Why is using my DistilBERT model for inference so slow?

I am using DistilBERT for sequence classification on a dataset of books. Since books will naturally overflow the limit of 512 tokens, I generate a new dataset that splits the books into chunks (preserving the labels from the original books). I fine-tuned a DistilBERT model with this dataset and now I want to extract the average pooled_output embedding for each book.

The way I am doing this is as follows:

def getAveragePooledOutputs(model, encoded_dataset):

  book_embeddings_dataset = {'meaned_pooled_output': [], 'book_title': [], 'genre': [], 'labels': []}
  # array telling us the starts of each book in the dataset
  book_changes = get_book_changes_idx(encoded_dataset['book_title']) 

  for i in range(len(book_changes)):
    start = book_changes[i]
    end = None
    if i != len(book_changes):
      end = book_changes[i+1]
    else:
      end = len(encoded_dataset['input_ids'])
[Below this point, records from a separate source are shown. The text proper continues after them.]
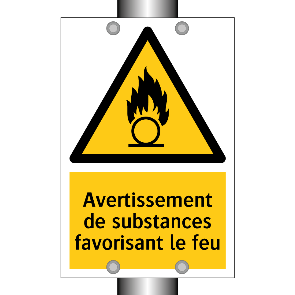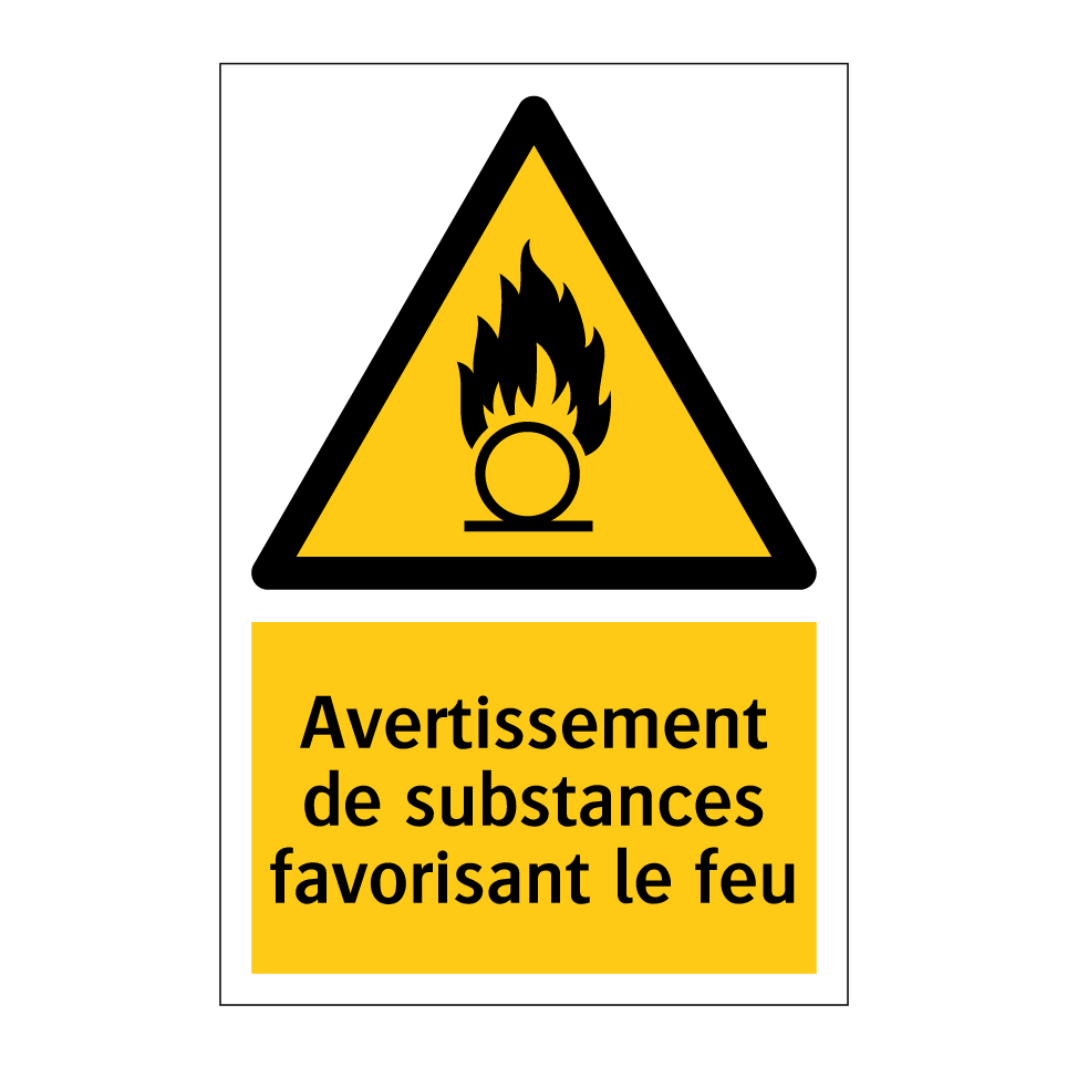 Panneau d'avertissement avec le texte : "Avertissement de substances favorisant le feu"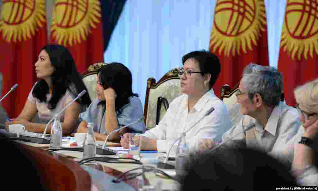 Президент Кыргызстана Сооронбай Жээнбеков 19 июля встретился с представителями гражданского общества Кыргызстана. По его словам, представители гражданского общества направили все свои знания, опыт и энергию на созидание ради интересов народа. Фото пресс-службы президента.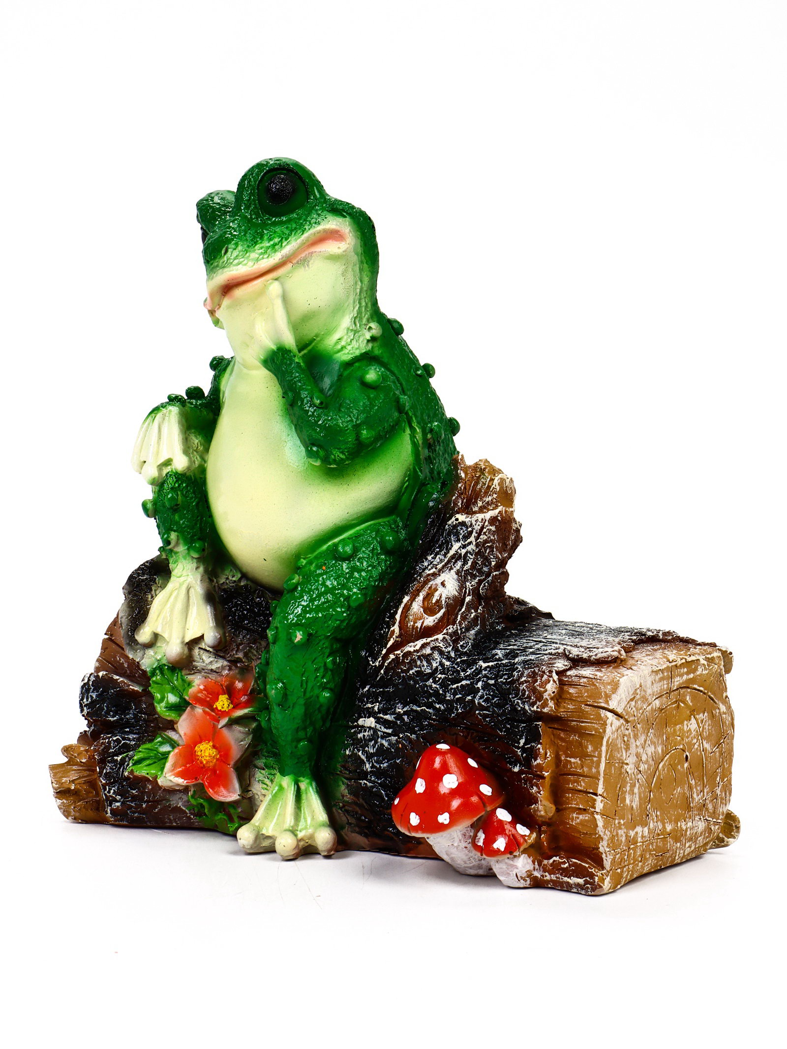 Садовая фигура из полистоуна "Лягушка на бревне", 28x26x11 см, Хорошие сувениры, Россия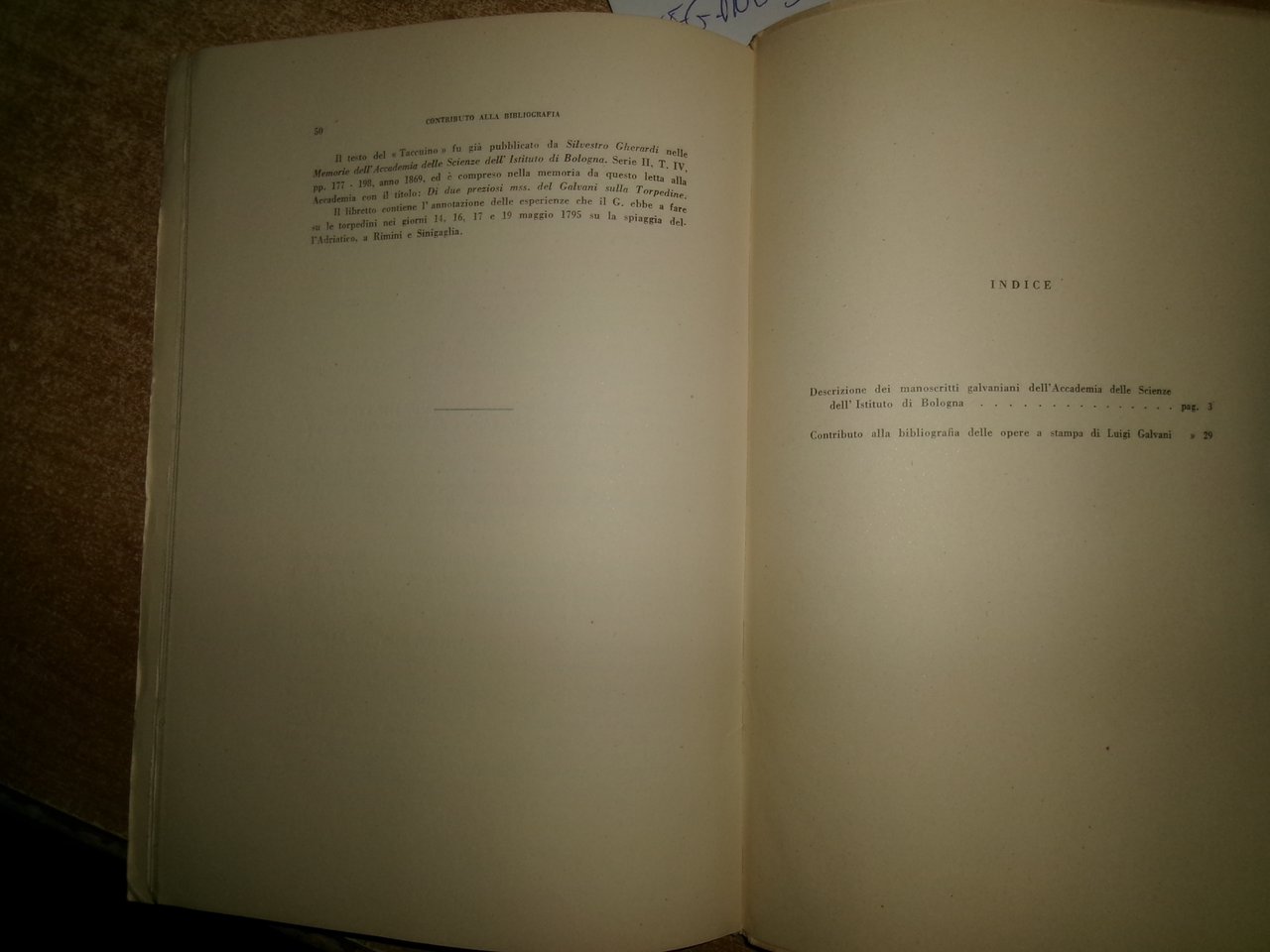 (BOLOGNA) Descrizione dei manoscritti Galvaniani dell' Accademia delle Scienze dell' Istituto di Bologna e contributo alla bibliografia delle opere a stampa di Luigi Galvani. Bologna, Licinio Cappelli Editore, 1937. In-8°, br. orig. con ex libris applicato al verso del piano anteriore. 50, (1) pp. Ottimo stato. Neg. mob. S in busta trasp.

    input_ids = th.LongTensor(encoded_dataset['input_ids'][start:end])
    attention_mask = th.BoolTensor(encoded_dataset['attention_mask'][start:end])

    with torch.no_grad():
      embeddings = model.distilbert(input_ids=input_ids, attention_mask=attention_mask, output_hidden_states=True)[0][:,0] # Pooled output
      book_embeddings = th.mean(embeddings, dim=0) # Takes the mean of the pooled output
      ...

This seems to work except for the fact that it is painfully slow. Much slower than it is to train the model for example. Why is it so slow and is there any way that I can speed it up?